A parallel corpus is a corpus that contains a collection of original texts and their translations into other languages. A parallel corpus can be bilingual or multilingual. In Sparv each text collection of one language is treated as a separate corpus which needs to be annotated separately but may be linked to one or more corpora in other languages. The following example demonstrates how to annotate a bilingual (English-Swedish) parallel corpus with automatic sentence-linking and word-linking.
You can download an example mini corpus including a working Makefile here.
Each corpus has its own root directory. The names of the root directories (
mycorpus-en
and mycorpus-sv
) need to be identical apart from the language ID
suffix. If the language in question should be annotated with Sparv its language ID
suffix should be a two-letter ISO code (check the language table in the install section for reference). Files that are linked to each other must
have the same name (in this example: sparv-intro.xml
).
my_parallel_corpus/
mycorpus-en/
original/
xml/
sparv-intro.xml
mycorpus-sv/
original/
xml/
sparv-intro.xml
Makefile
Sparv includes tools for automatic sentence-linking and word-linking.
Sentence-linking is a prerequisite for word-linking, and sentence-linking requires
pre-aligned text chunks (e.g. paragraphs or similar). In the example corpus the
pre-aligned chunks are called "link". Each link has an ID (attribute n
) which
corresponds to the link-element with the same ID its linked translation.
If you are using automatic sentence-linking you need to set the variable
align_sentences
to true
and you must specify sent_align_chunk
to the element
that has been pre-aligned.
If your text is already linked on sentence level you need to have sentlink
elements
sourrounding the sentences, in order to get automatic word-linking. They should have
IDs indicating which sentences belong together (e.g. <sentlink n="0001">
). The IDs
should be unique for each indata file. Don't forget to set the variable align_sentences = false
in your makefile.
If you would like to use automatic word-linking you need to add the attribute
wordlink-$(other_lang)
to the variables vrt_columns
and
vrt_columns_annotations
in your Makefile. $(other_lang)
is the variable for
the language ID suffix of the linked language.
For parallel corpora the following variables must be set in addition to the standard variables:
parallel_base
: the root directory name without language ID suffix (mycorpus
)root
: the root directory with language ID suffix (mycorpus-$(lang)
)
For automatic word-linking:
align_sentences
:true
if sentences should be linked, elsefalse
(In this case the sentences must be pre-aligned. Word-linking will not work without sentence-alignment.)sent_align_chunk
: the pre-aligned chunk which is parent to sentence
You need to include Makefile.langs
in your Makefile (after including
Makefile.config
). By doing this Sparv will know which analysis tool
(TreeTagger or FreeLing) to use for which language.

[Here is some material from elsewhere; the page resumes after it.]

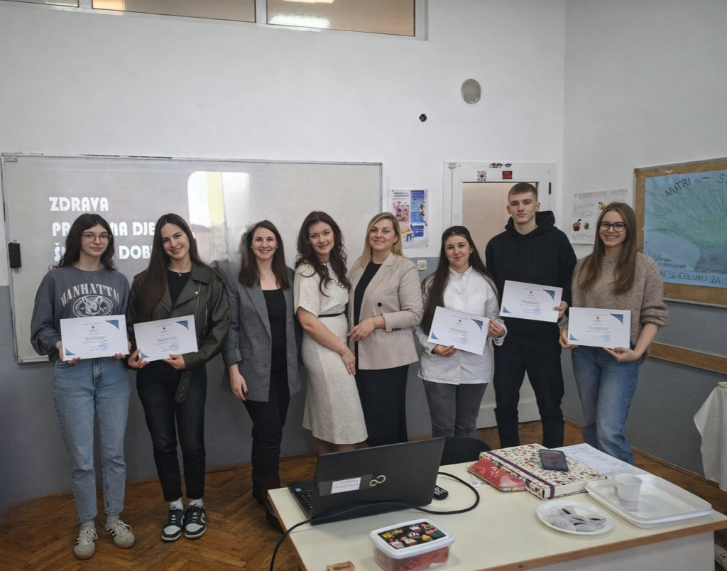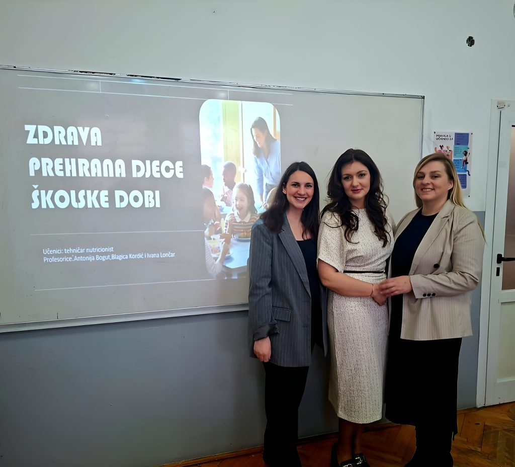 U našoj školi uspješno je završen ciklus radionica o pravilnoj prehrani adolescenata, s naglaskom na važnost zdrave školske užine. Posebno nas veseli što su nastavnice Osnovne škole Antuna Branka Šimića Mostar zajedno sa svojim učenicima, prepoznale važnost teme i aktivno sudjelovale u završnoj radionici. Njihov interes potvrđuje koliko je edukacija o prehrani danas potrebna.
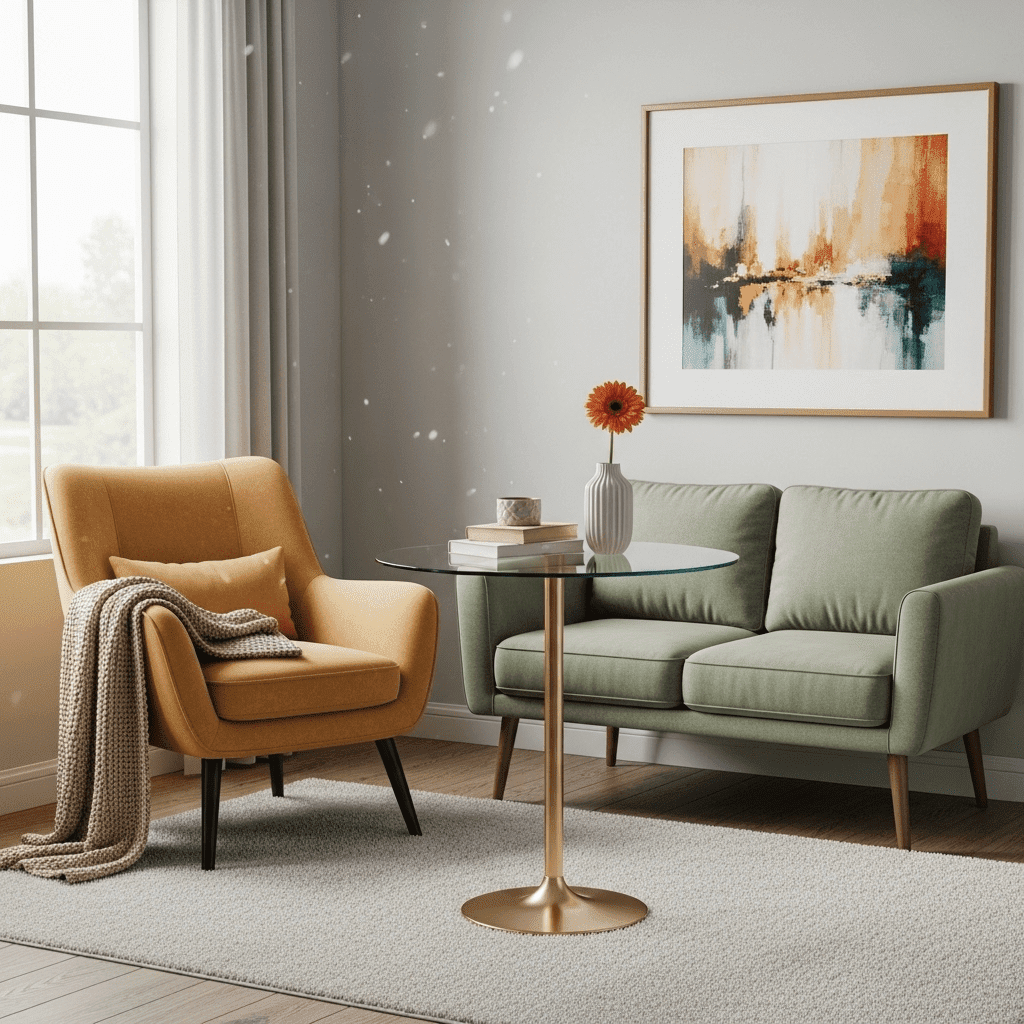 Furniture ideas for small living room corners often use a small glass-top pedestal table. The glass keeps the corner feeling airy, while the pedestal base takes up less floor space than four traditional legs.

If the languages you are annotating make use of different analysis modes (e.g. FreeLing, TreeTagger or the standard Swedish mode) you need to define language-specific if-clauses in your Makefile in order for the variables to be set to the correct values. Check the example Makefile for more details.
If you have certain attributes that are not used in all the languages in your
parallel corpus you need to list these attributes in the null_annotations
variable. In that case you also need to set skip_cwb_compression
and
skip_cwb_validation
to true
, otherwise you will not be able to create the
Corpus Workbench binaries.
Run each corpus separately and define which language should be annotated (lang
)
and which language the corpus should be linked to (other_lang
; Note: this parameter is set automatically in the example corpus!):
make vrt lang=en other_lang=sv
make vrt lang=sv other_lang=en
When creating the corpus Workbench binaries you also need to run make align
for
both languages (after creating the vrt-files), e.g.:
make align lang=en other_lang=sv
make align lang=sv other_lang=en
This is what the vrt result could look like for a Swedish-English parallel corpus (taken from the example corpus which can be downloaded above):
<text>
<link n="1">
<sentlink n="sparv-intro.01">
<sentence id="sv0248-sv02a2">
Sparv NN NN.UTR.SIN.IND.NOM |sparv| |sparv..nn.1| 01 |01|
är VB VB.PRS.AKT |vara| |vara..vb.1| 02 |02|
Språkbankens NN NN.UTR.SIN.DEF.GEN |språkbank| |språkbank..nn.1| 03 |03|04|
annoteringsverktyg NN NN.NEU.PLU.IND.NOM | | 04 |05|06|
...
</sentence>
</sentlink>
</link>
</text>
<text>
<link n="1">
<sentlink n="sparv-intro.01">
<sentence id="en038c2-en0affc">
Sparv PROPN NP sparv __UNDEF__ 01 |01|
is VERB VBZ be __UNDEF__ 02 |02|
an DET DT a __UNDEF__ 03 |03|
annotation NOUN NN annotation __UNDEF__ 04 |03|
tool NOUN NN tool __UNDEF__ 05 |04|
developed VERB VBN develop __UNDEF__ 06 |04|
...
</sentence>
</sentlink>
</link>
</text>
The tab-separated columns in the vrt output contain the following information:
word pos msd baseform lemgram linkref wordlink
In this example the texts were manually linked by the <link>
elements. The
sentlink
element was added automatically by the sentence linking module. If the
link
element contains multiple sentences the sentlink
attribute will break down
the linked elements into smaller units. The ID in the link
and sentlink
elements
(e.g. n="1"
, n="sparv-intro.01"
) indicates which elements belong together across
linked texts in different languages. By default the sentlink
-ID is prefixed with
the name of the indata file (in this case "sparv-intro"). Note that the prefix is
not required for automatic word-linking, so if you use manual sentences-linking you
will not need to set a prefix.
The last column (wordlink
) contains a set of link reference numbers (linkref
)
referring to tokens from the linked text within the same <link>
element. Note that
this set may be empty in some cases, meaning that the token was not linked to any
token in the other language.
The column lemgram
contains only __UNDEF__
values for the English text because
lemgram
was listed in the null_annotations
since this annotation is only
available for Swedish. Columns containing only __UNDEF__
values are not present in
the XML export.